Se nella età contemporanea la Arendt ci ha dimostrato che è possibile ribaltare la morale ed i suoi valori grazie alla incapacità di pensare tipica di certi uomini, chissà cosa direbbe dell’era moderna. Quando cioè, al ribaltamento valoriale di cui sopra è stata contrapposta l’esaltazione, l’amplificazione o, per dirla in altri termini, la sublimazione di certi modelli di vita quotidiana. E chissà cosa direbbe se vedesse tali pratiche indotte da quel previsionismo accanito, tipico delle forme televisive, definite tv del dolore o tv-verità.

Al lettore non sfuggirà il riferimento alla seconda serie della fiction televisiva «Sotto copertura», in cui Alessandro Preziosi veste i panni di Michele Zagaria, l’ex primula rossa del Clan dei Casalesi.

Si tratta di una serie che si propone il compito, arduo, di sviscerare quelle dinamiche ingarbugliate che portarono alla cattura dell’ex boss, certo ben fatta, ma che al contempo rinforza quel processo di “savianizzazione” che ha investito il sud Italia e non solo. Tali rappresentazioni, infatti, non solo presentano modelli totalmente diseducativi nei confronti dei giovani, ma il malcostume spesso “sponsorizzato” da tali prodotti potrebbe seriamente influenzare un numero sempre maggiore di giovani e adolescenti. Basti pensare ai titoli utilizzati per la promozione della serie: “Il boss Zagaria. Tradito dalle donne“, “Quando si è potenti si possono toccare le donne ovunque“, “Michele Zagaria, il boss scapolo dalle numerose amanti“.

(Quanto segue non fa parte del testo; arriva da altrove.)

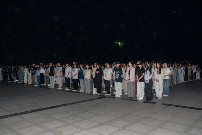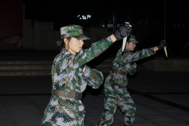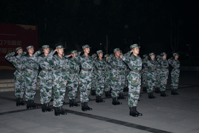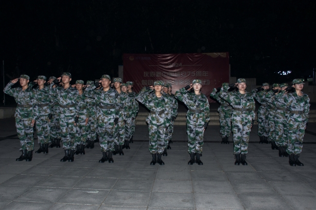 9月29日晚上,全体国旗护卫队队员在校园文化广场进行汇报演出,校团委负责老师和600余名学生一同观看了演出。
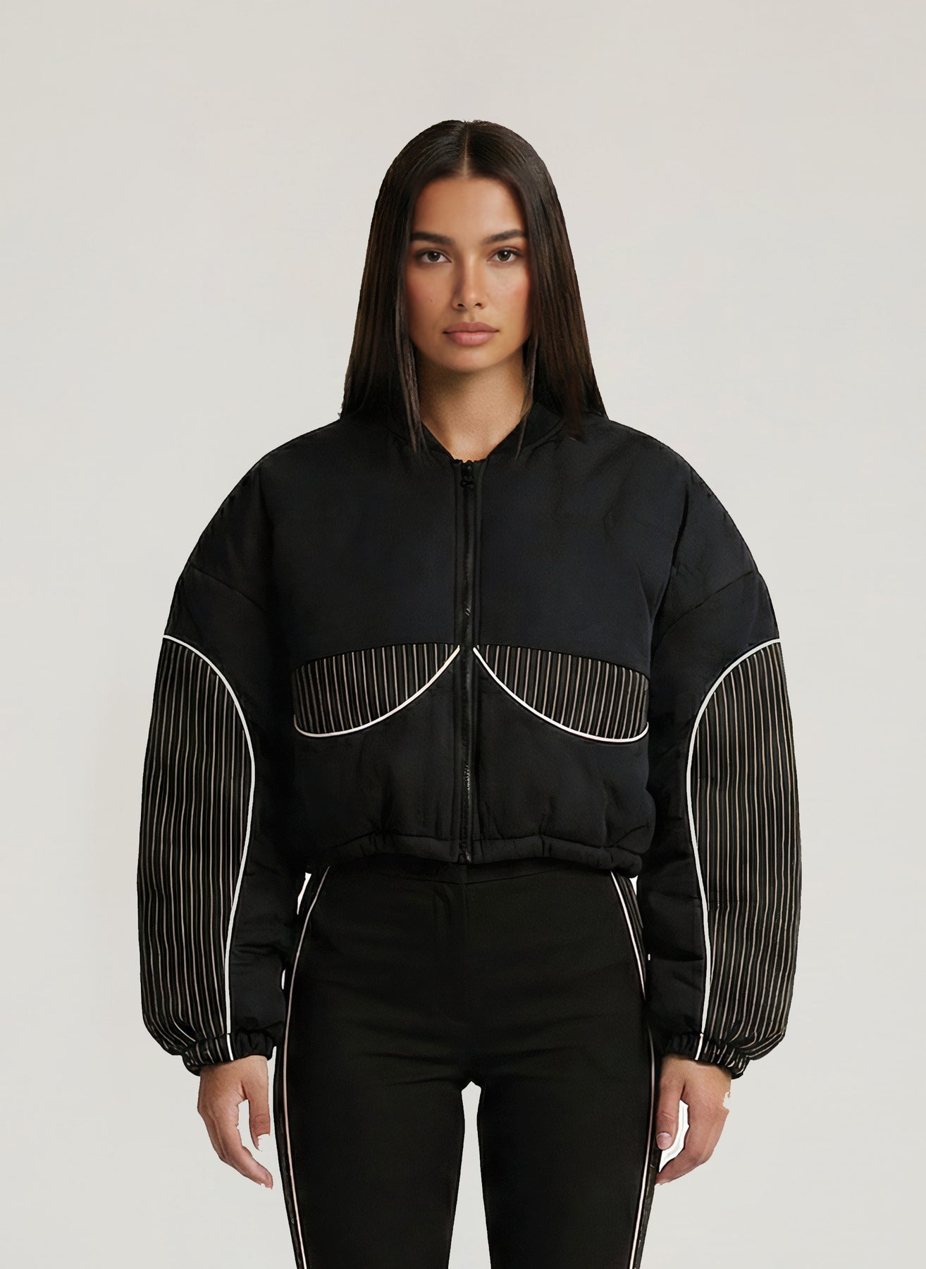Black Striped Padded Coat

Inoltre, sarebbe il caso chiedersi: le organizzazioni criminali, i loro rituali, codici, linguaggi sono di per sé un materiale ‘da rappresentazione’, addirittura un materiale ‘da rappresentazione’ ideale? La storia del cinema mondiale parrebbe dare, quasi lapalissianamente, ragione a questa ipotesi. Da Paul Muni ad Al Pacino, passando per Marlon Brando, ma includendo un “insospettabile” Kurosawa (L’angelo ubriaco, con Toshirô Mifune, 1948) ed omettendo mille e mille altri, vediamo che il crimine, al cinema ma purtroppo anche fuori dai teatri, paga. Certo, con le opere di Saviano la maniera in cui vediamo il crimine organizzato nei media è cambiato per sempre. Ma va ribadito che esiste sempre il rischio, come in ogni trasposizione di fatti criminali, di conferire ai personaggi, specie se vanno incontro ad un finale tragico, una sorta di aura romantica o di fascino perverso.